As far as I am aware, mutmut does not report the number of tests which killed a mutant. The more tests fail after applying a mutant, the higher the deadliness for said mutant is. I think this would be interesting, as this reveals which locations are really critical for the correctness of the code base. It also reveals which locations are well tested and which are not.
As an example, a surviving mutant has a test deadliness of 0, a mutant killed by a single failed test has a test deadliness of 1 and so on.
Maybe this could be normalized by the number of tests to account for small or large test bases.

Reporting an aggregate measure (average, median) or the histogram of test deadliness over all mutants reveals whether

there are too few tests (aggregate test deadliness close to 0),
there are just a few independent tests, which address individual lines (aggregate test deadliness around 1) or
there are also very sensitive tests, which test corner cases of higher level functions (aggregate test deadliness above 1).

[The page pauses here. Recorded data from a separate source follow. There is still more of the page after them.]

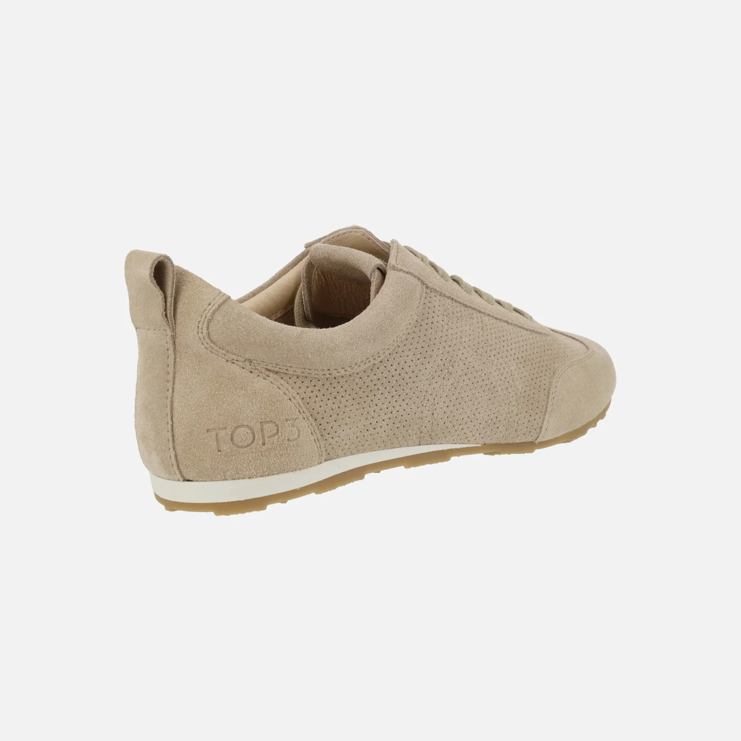 Zapatillas deportivas nueva colección de TOP3 modelo SE1500 Arena. Zapatillas elaboradas en serraje beige con detalle de calados. Cierre de cordones textiles. Interiores en piel. Plantillas de piel extraíbles. Suela sintética de 1 cm de altura trasera.
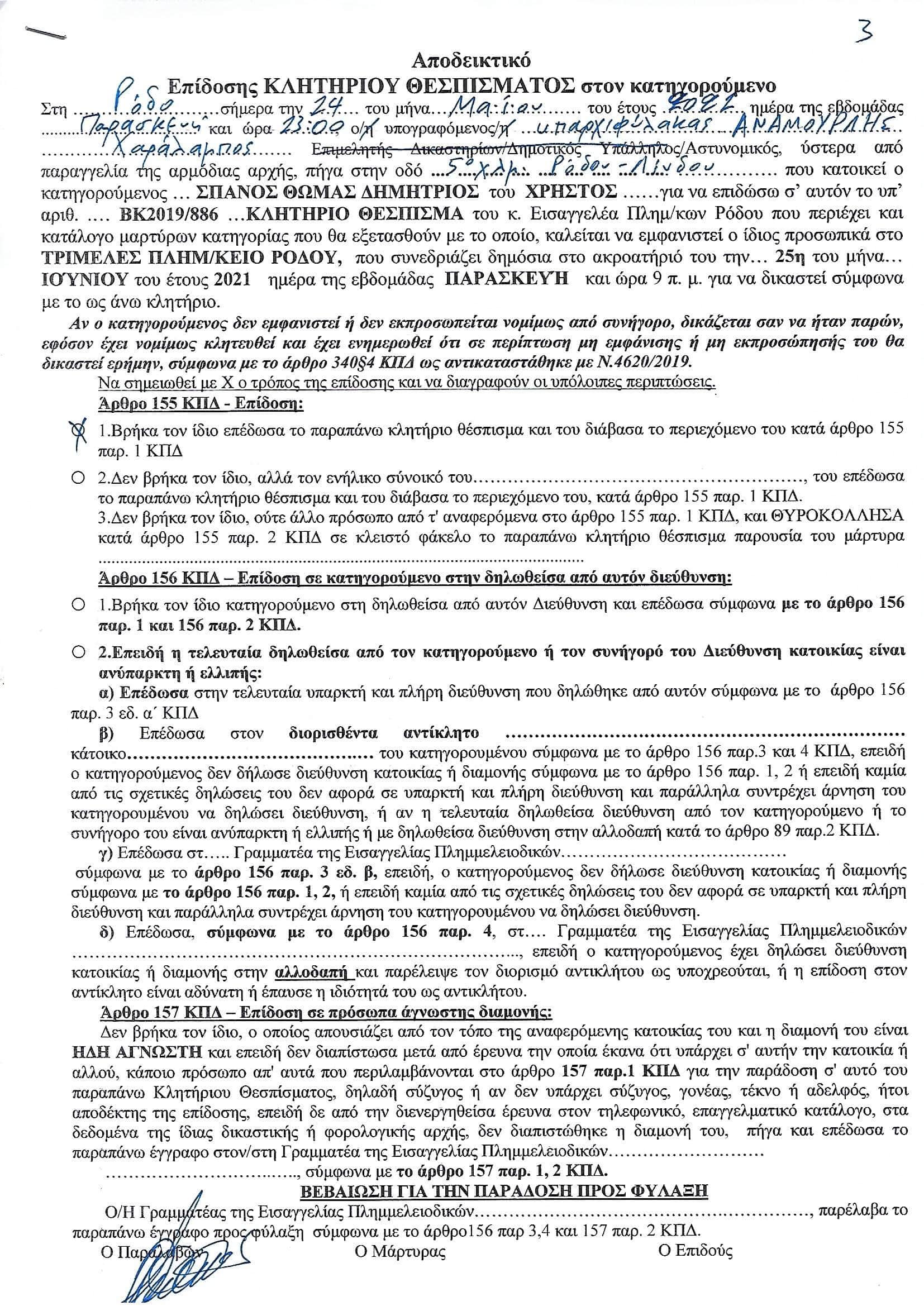 - Εισαγγελία Πρωτοδικών Ρόδου: 3309/25-06-2024 (σχετικό 21-10)
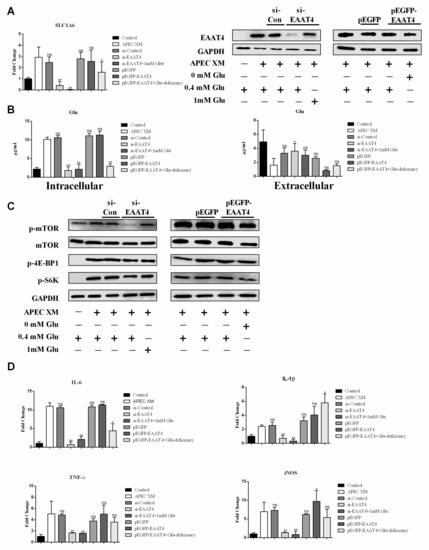 2.7. EAAT4 Promotes Glu Transport to Activate mTORC1 and Inflammatory Responses during APEC XM Infection
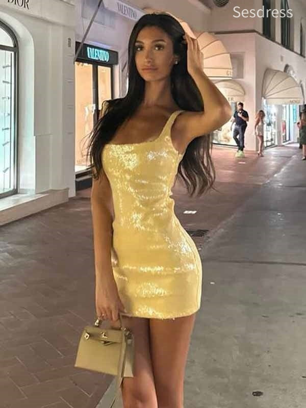 Sparkly Yellow Square Strap Bodycon Short Mini Dress Homecoming Dress$139.99 USD$169.99 USD

As this should be quite easy to obtain I would propose just outputting the results when calling mutmut results.

Higher Order Mutations

Mutmut currently only applies a single mutation before running tests. Combining these mutations (two mutations -> second order, three mutations -> third order, an so on) would allow to evaluate the test robustness in a more extreme setting (edit: I noticed, that you mentioned this idea already in #113 (comment)). I would argue that this setting (for reasonable low orders) is still quite realistic, as the example below shows:

for i in range(0,5): ... the reference code
for i in range(1,5): ... a normal first order mutant, with changed iteration start and thus the iteration length
for i in range(0,6): ... a normal first order mutant, with changed iteration end and thus the iteration length
for i in range(1,6): ... a second order mutant, with changed iteration start and end, but not the iteration length

Another example would be an if A and B or (C and not D): ... statement with multiple logical expressions A, B, C and D. A single mutant will likely change the behavior, but multiple mutations could partially restore parts of the logical behavior and thus have tests wrongly pass.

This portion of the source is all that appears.